One of those “moments” in parenting happened to me this morning…the ones you wait for quietly, all the while hoping they just won’t. I’ve wondered which ones will arrive, but it’s tough to imagine anything other than joy and wonder could ever land on either of my children. Knowing better, the minute I laid eyes on each of my squishy, newborn beauties, I accepted that things will happen, and I made them little heartfelt promises that I’d try really hard to not be wearing my crappy parent pants on those days.
Today, I was wearing my tired and trying really hard pants, which is probably as good as it gets these days, when I found a certain small girl sitting on her bedroom floor, looking in the mirror on the back of her door, with her outfit in her hands. She wasn’t moving, and she was wearing a pink leotard on a school day. At this point we’re 5 minutes from departure time, and things aren’t looking good for timeliness. So I started joking and acting out some big thing about not wearing a leotard to school under an outfit because your business can’t breathe and you’ll be stuck in the bathroom forever if you have to pee, because you have to take your WHOLE outfit off, and it’ll be super embarrassing when your teacher taps on the bathroom door and needs you out of there because so and so is getting ready to pee their pants, and you are NAKED, and so on. She thought this amusing, we laughed, and then I asked, “what are you doing anyway?”
Earnestly, she looked up at me, through her almost seven year old eyes, and said in a very small voice, that she was “trying to figure out how to make “this” go away, so she could look like Queen Elsa, because Queen Elsa doesn’t have “this,” as she ran her flat hand in a brushing motion downward over her little soft belly, as if to slice it off. Then she curled inward, drew her knees up, and wrapped them with her arms. I sat down on her toybox, suddenly very still inside.
When she was ready, she crawled up into my lap, and curled into a ball. In hushed tones, we shared the joint sadness of never being able to look like Queen Elsa, the beautifully depicted matron of Frozen. When she could look in my eyes again, and had nodded her head for a good long while, I told her why: It’s because drawings and dollies don’t have guts. She had learned the job of the intestines in school last week; thank you universe and sweet Montessori school for that. I showed her my nice soft belly, and we laughed and joked a little about GUTS. We thanked our nice soft bellies for not squishing or pinching our happy little guts, who are trying to work really hard in there.

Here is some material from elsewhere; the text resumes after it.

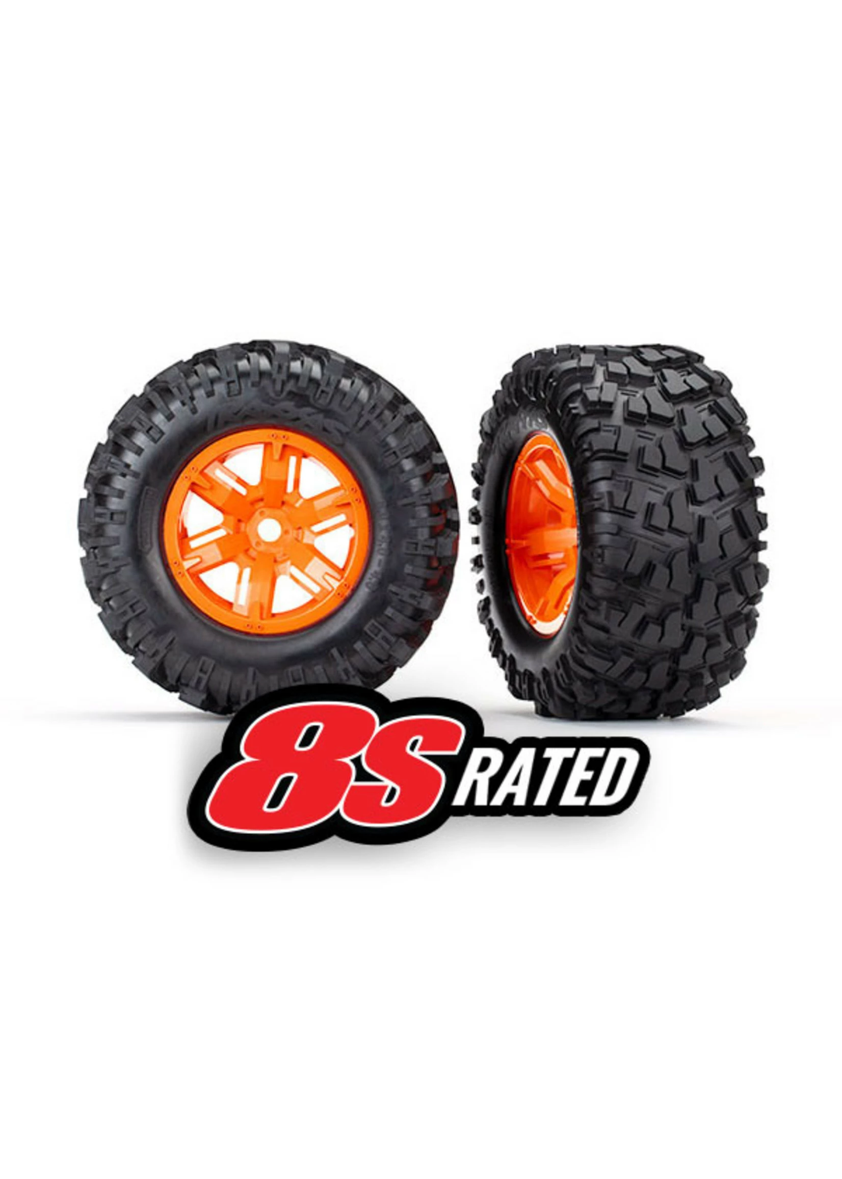 Includes: Tires & wheels, assembled, glued (X-Maxx® orange wheels, Maxx® AT tires, foam inserts) (left & right) (2)

We talked about how in some houses, dollies and princesses and movies with these flat, pretend bellies are not welcome, because they often lead to this very sadness she was feeling right now. I told her, little girls need to know their soft beautiful bellies are normal and beautiful, and not compare themselves to beautiful imaginary characters. We joked about how weird it would be to be only as tall as one of her barbies, and have that creepy smile that never, ever goes away. We posed like that and laughed and laughed, and her little brother posed like that and we really laughed. I told her that her barbies are welcome here, as are the princesses, but she needs to remember they are toys, imagination fuel, and pretty characters to look at. They are not real.

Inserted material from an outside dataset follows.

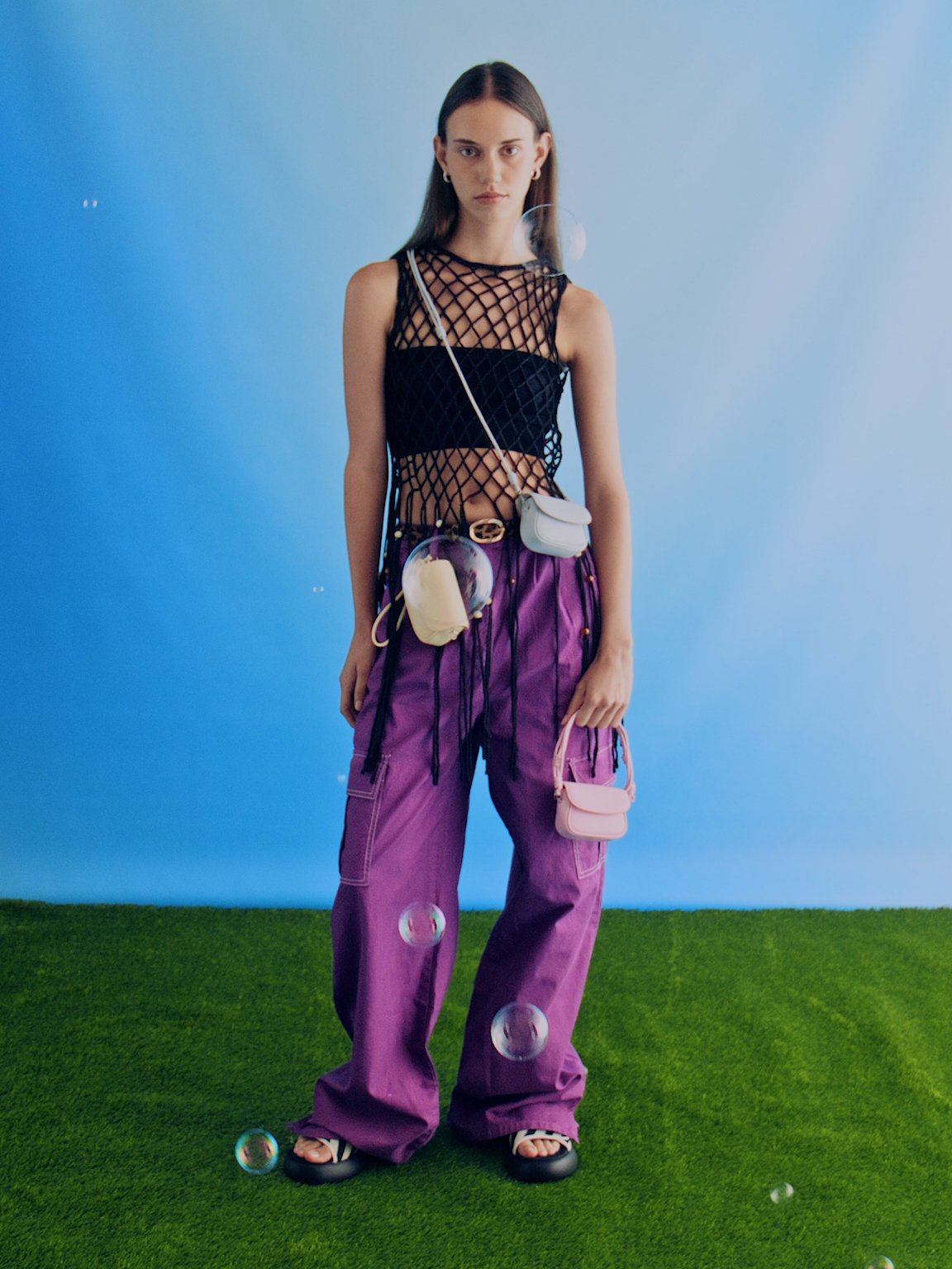 バッグをそのままミニチュア化したような、とびきりキュートなマイクロバッグ風ポーチ。

I didn’t stop there. I told her there is a problem in our people, and sometimes a person has it, and they make their tummies and bodies sick because they can’t love their soft bellies. We talked about how this isn’t a sick like a cold, so you can’t just catch it in the air, but instead it’s a hurt in the mind, and the heart, and where these wonderful people were supposed to learn to love themselves, they just didn’t. I told her how there are safe places and people who help them fix the hurt and learn to love their whole bodies again.
Then, I asked her if I could tell her a secret, and she said yes. I hugged her wide and warm and firm. I told her she is a beautiful child, and a beautiful person, that her silvery green eyes are big and round and full of sparkle and love, and she has a soft dusting of freckles across her nose, just like Queen Elsa’s, and she has long and perfect feet, and beautiful knee caps, and her hair is silky and brown and long and gorgeous, and her smile is warm and right. I told her, as her little soft belly touched my big soft belly, that our bodies are just as they should be, and normal and healthy and good and strong.

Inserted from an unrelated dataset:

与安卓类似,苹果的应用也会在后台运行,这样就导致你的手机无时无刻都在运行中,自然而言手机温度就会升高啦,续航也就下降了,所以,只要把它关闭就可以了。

Then, she got dressed in her sparkly green, sequined dance outfit, put a silvery blue Little Mermaid dress on – as a cape, and asked me if I could put her hair in a side braid like Queen Elsa’s. She packed a little pair of shorts and a t shirt with her school name and logo on it, for later in the day when this get-up felt too tight and certain parts couldn’t breathe, and she went off to school with her head held high and her belly soft just like it should be.
In my heart, where I guard my worries and keep them sedated, well fed, and tamed so they can’t bite me, I put a little earmark, so when this comes up again, I will remember to hug her and let her be sad she doesn’t look like the beautiful and hope crushing visions we are surrounded by as normal, healthy people, every day. I will feel sad with her, and show her where we do choose to look for inspiration instead. I will remind her beauty is shapeless, and that she is capable and strong, and her ears do not stick out too far, and her hair is just as good as hair that is drawn onto a cartoon character or the extensions placed onto a beautiful but digitally modified model, because it is real and her body is doing its best.